## What is expected:
Skip the pictures and restate, word for word, the lines from the one containing "กลุ่มเพื่อนผบ.ทบ.มอบข้าวสารให้กองทัพบก 10,000 ถุง" to the end of the data below.

## Stored data:
Start of Block

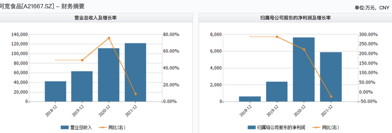 (阿宽食品业绩变动情况,来源:wind)
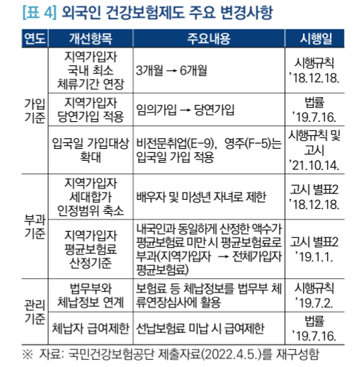 한국 거주 기간 동안 상당한 보험료를 부담하지만, 실제 의료 이용은 한국인보다 적은 편입니다.
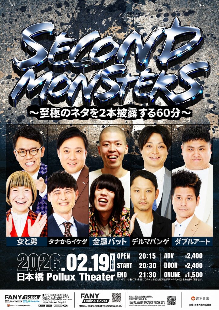 | 2026/02/19(木) 開場 20:15 開演 20:30 SECOND MONSTERS~至極のネタ2本の60分~ 日本橋Pollux Theater(大阪府) 出演 女と男、タナからイケダ、金属バット、ダブルアート、デルマパンゲ チケット https://ticket.fany.lol/reception/36391/33733 ——————— ※こちらの公演は有料配信の販売もございます。 ——————— ・受付開始から先着順でチケットが購入出来ます。予定枚数に達し次第受付終了となります。 ・1回の先着申込で申込可能な公演数は『1公演』、枚数は『10枚まで』となります。(公演により一部例外がございます) ・座席番号や整理番号は、すべてコンピュータ制御により自動で決定します。 【車いすでご来場のお客様へ】 車いすをご使用の方は、必ず購入前に下記のFANYチケットお問合せ窓口までお問い合わせください。 また、視覚や聴覚等に障がいのある方で特別な配慮を必要とされる方も購入前にお問い合わせください。 ※ご来場時に障がい者手帳等のご提示をお願いする場合がございます。 FANYチケットお問合せダイヤル 0570-550-100(10時~19時/年中無休) FANYチケットお問合せフォーム https://f.msgs.jp/webapp/form/18802_evbb_16/index.do 注意事項 ※ワンドリンク制の為、会場にてチケット代とは別途ドリンク代をお支払い頂きます。 ※5歳以上または身長110cm以上のお子様はお席が必要となります。 ※16歳未満のお客様は、保護者同伴の場合のみ入場可。(終演が19時を越える公演のみ) ※ビデオ・カメラ、または携帯電話等での録音・録画・撮影・配信禁止。 ※出演者は変更になる場合がありますので予めご了承ください。尚、変更にともなう払戻は行いません。 ※迷惑行為や劇場スタッフの指示に従わない場合はご退場頂く場合がございます。 ・出演者は変更になる場合がございます。予めご了承ください。 ・出演者等の変更に伴う払戻しは行いません。 ・購入後の変更・キャンセル(取消し)はできません。 FANYチケット問合せダイヤル 0570-550-100 |
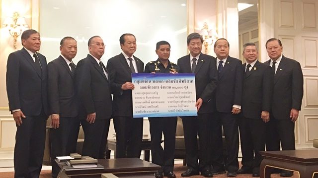 กลุ่มเพื่อนผบ.ทบ.มอบข้าวสารให้กองทัพบก 10,000 ถุง เตรียมนำไปประกอบอาหารบริการประชนที่มาถวายบังคมพระบรมศพ ประกอบเลี้ยงทหารชั้นผู้น้อย
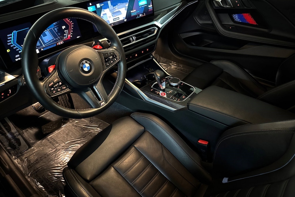 This 2024 BMW M2 Coupe is a One Owner vehicle, exterior, and interior. Key features include LIVE COCKPIT PRO, REMOTE ENGINE START, SHADOWLINE PACKAGE, M CARBON ROOF, WIRELESS DEVICE CHARGING, LIGHTING PACKAGE, PARKING ASSISTANT, BLACK W/M COLOR HIGHLIGHT VERNASCA LEATHER UPHOLSTERY, Turbocharged, and much more!
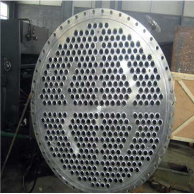 管板,就是在圓形鋼板上鉆出比管子外徑一樣略大一些的孔,將管子穿入焊住固定,起這樣作用的一種配件。

End of Block

## Task solution:
 กลุ่มเพื่อนผบ.ทบ.มอบข้าวสารให้กองทัพบก 10,000 ถุง เตรียมนำไปประกอบอาหารบริการประชนที่มาถวายบังคมพระบรมศพ ประกอบเลี้ยงทหารชั้นผู้น้อย
 This 2024 BMW M2 Coupe is a One Owner vehicle, exterior, and interior. Key features include LIVE COCKPIT PRO, REMOTE ENGINE START, SHADOWLINE PACKAGE, M CARBON ROOF, WIRELESS DEVICE CHARGING, LIGHTING PACKAGE, PARKING ASSISTANT, BLACK W/M COLOR HIGHLIGHT VERNASCA LEATHER UPHOLSTERY, Turbocharged, and much more!
 管板,就是在圓形鋼板上鉆出比管子外徑一樣略大一些的孔,將管子穿入焊住固定,起這樣作用的一種配件。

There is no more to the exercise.